Um trotzdem auf dem Weg zur Klimaneutralität 2040 voranzukommen, ist mit dem Klimaschutzverbesserungsgesetz der Weg in eine dirigistische klimapolitische Mikrosteuerung geebnet worden. Man könnte es auch einen „Klimastaat“ nennen. Wirtschaft und Bürgern bleibt keine Wahl, als sich zähneknirschend diesen Vorgaben zu unterwerfen oder mit ihren wertschöpfenden Aktivitäten abzuwandern. Kommt es zu dem zu befürchtenden Exodus der Industrie, werden die Emissionen einfach woandershin verlagert. Angesichts von geschätzten Kosten in Höhe von 40 Mrd. Euro allein für die energetische Sanierung des Gebäudebestandes wird zudem die Eigentumsgarantie des Grundgesetzes zumindest teilweise ausgehöhlt. Nimmt man die propagierte Sozialverträglichkeit ernst, muss die Stadt in Zukunft hohe Summen in die Hand nehmen, um Mieter und Wohnungseigentümer zu unterstützen und den öffentlichen Nahverkehr auszubauen – bei absehbar geringerer Steuerbasis aufgrund schrumpfender Wertschöpfung. Heute steht Hamburg dank des Hafens und einer prosperierenden Industrie noch an der Spitze des BIP pro-Kopf Rankings der Bundesländer und glaubt sich das alles leisten zu können. Das dürfte aber nicht so bleiben.
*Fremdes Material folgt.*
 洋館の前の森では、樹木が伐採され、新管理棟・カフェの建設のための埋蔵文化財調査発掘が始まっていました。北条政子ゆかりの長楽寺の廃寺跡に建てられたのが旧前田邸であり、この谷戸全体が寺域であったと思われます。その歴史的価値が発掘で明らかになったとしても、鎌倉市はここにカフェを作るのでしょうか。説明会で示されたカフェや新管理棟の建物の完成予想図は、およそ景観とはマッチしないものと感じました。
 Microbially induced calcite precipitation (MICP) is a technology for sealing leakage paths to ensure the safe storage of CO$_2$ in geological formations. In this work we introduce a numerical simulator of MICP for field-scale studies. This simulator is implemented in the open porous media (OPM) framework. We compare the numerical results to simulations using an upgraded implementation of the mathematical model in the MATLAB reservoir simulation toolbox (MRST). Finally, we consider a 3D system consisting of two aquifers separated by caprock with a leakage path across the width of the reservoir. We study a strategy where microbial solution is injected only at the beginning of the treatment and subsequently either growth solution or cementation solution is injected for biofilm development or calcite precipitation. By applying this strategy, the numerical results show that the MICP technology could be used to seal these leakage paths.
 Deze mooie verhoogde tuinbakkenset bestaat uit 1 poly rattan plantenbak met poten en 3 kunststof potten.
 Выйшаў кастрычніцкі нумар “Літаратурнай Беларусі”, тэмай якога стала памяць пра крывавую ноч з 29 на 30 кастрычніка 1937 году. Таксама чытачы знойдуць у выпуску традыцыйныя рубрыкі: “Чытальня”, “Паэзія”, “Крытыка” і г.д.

Hamburger Hafen schafft Wohlstand -aber nicht mehr lange

Sollte in Zukunft tatsächlich Sozialverträglichkeit gegenüber Effizienz und Sparsamkeit als Kriterium zur Beurteilung klimapolitischer Maßnahmen priorisiert werden, sind einer überbordenden Klimabürokratie nebst wuchernder Subventionsmaschinerie Tür- und Tor geöffnet. Außerdem ist mit Klagen einschlägiger Klima- und Umweltlobbys zu rechnen, die rigoros auf der Einhaltung der gesetzlichen Jahresziele beharren, und damit Wirtschaft und Verkehr lahmlegen werden. Die Deutsche Umwelthilfe (DUH) hat bereits durchblicken lassen, Städte zu sogenannten "Nullemissions-Zonen" zwingen zu wollen.
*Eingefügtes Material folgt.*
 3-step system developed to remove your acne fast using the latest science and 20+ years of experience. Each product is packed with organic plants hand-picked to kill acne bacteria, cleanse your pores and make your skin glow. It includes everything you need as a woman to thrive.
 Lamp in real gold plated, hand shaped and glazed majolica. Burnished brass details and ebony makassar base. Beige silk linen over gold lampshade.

Diese Form von Klimapolitik bewirkt aber außer einem guten Gewissen der Akteure und einer moralischen Dividende leider nichts Relevantes für das Klima. Offenbar zählen bei den klimapolitischen Akteuren hinter dem Zukunftsentscheid nicht die tatsächlichen Folgen des Handelns, sondern die gute Absicht. Die moralische Gesinnung der Protagonisten klimapolitischer Maßnahmen wird zum Maßstab der Bewertung, nicht der nachweisbare Erfolg der Maßnahmen oder die kontraproduktiven Nebenwirkungen.
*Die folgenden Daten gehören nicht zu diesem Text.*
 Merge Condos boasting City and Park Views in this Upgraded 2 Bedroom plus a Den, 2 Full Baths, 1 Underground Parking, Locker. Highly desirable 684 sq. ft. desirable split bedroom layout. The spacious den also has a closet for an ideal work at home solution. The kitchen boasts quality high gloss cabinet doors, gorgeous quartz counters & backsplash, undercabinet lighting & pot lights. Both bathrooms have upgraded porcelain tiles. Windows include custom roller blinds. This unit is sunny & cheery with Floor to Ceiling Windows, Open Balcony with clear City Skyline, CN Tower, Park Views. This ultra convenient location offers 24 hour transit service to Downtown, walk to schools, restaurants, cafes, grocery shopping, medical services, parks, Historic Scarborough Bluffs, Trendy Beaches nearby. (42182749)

Für das Weltklima spielt Hamburg keine Rolle

Um es zusammenzufassen: Klimaneutralität auf Ebene eines Stadtstaates ist kein nachhaltiges Konzept. Sie ist weder sinnvoll abgrenzbar bzw.  operationalisierbar noch eine geeignete Orientierungsgröße rationaler Klimaschutzpolitik. Dies sollten allein marktwirtschaftliche Instrumente wie der Emissionshandel sein. Auf regionaler Ebene besteht die politische Herausforderung nicht in einer Vorreiterrolle bei der Minderung von Emissionen, sondern in der Klimaanpassung, d.h. dem verantwortungsvollen Umgang mit den absehbar negativen Folgen des Klimawandels. Für das Weltklima spielt es keine Rolle, ob eine Stadt wie Hamburg 2040 klimaneutral werden möchte.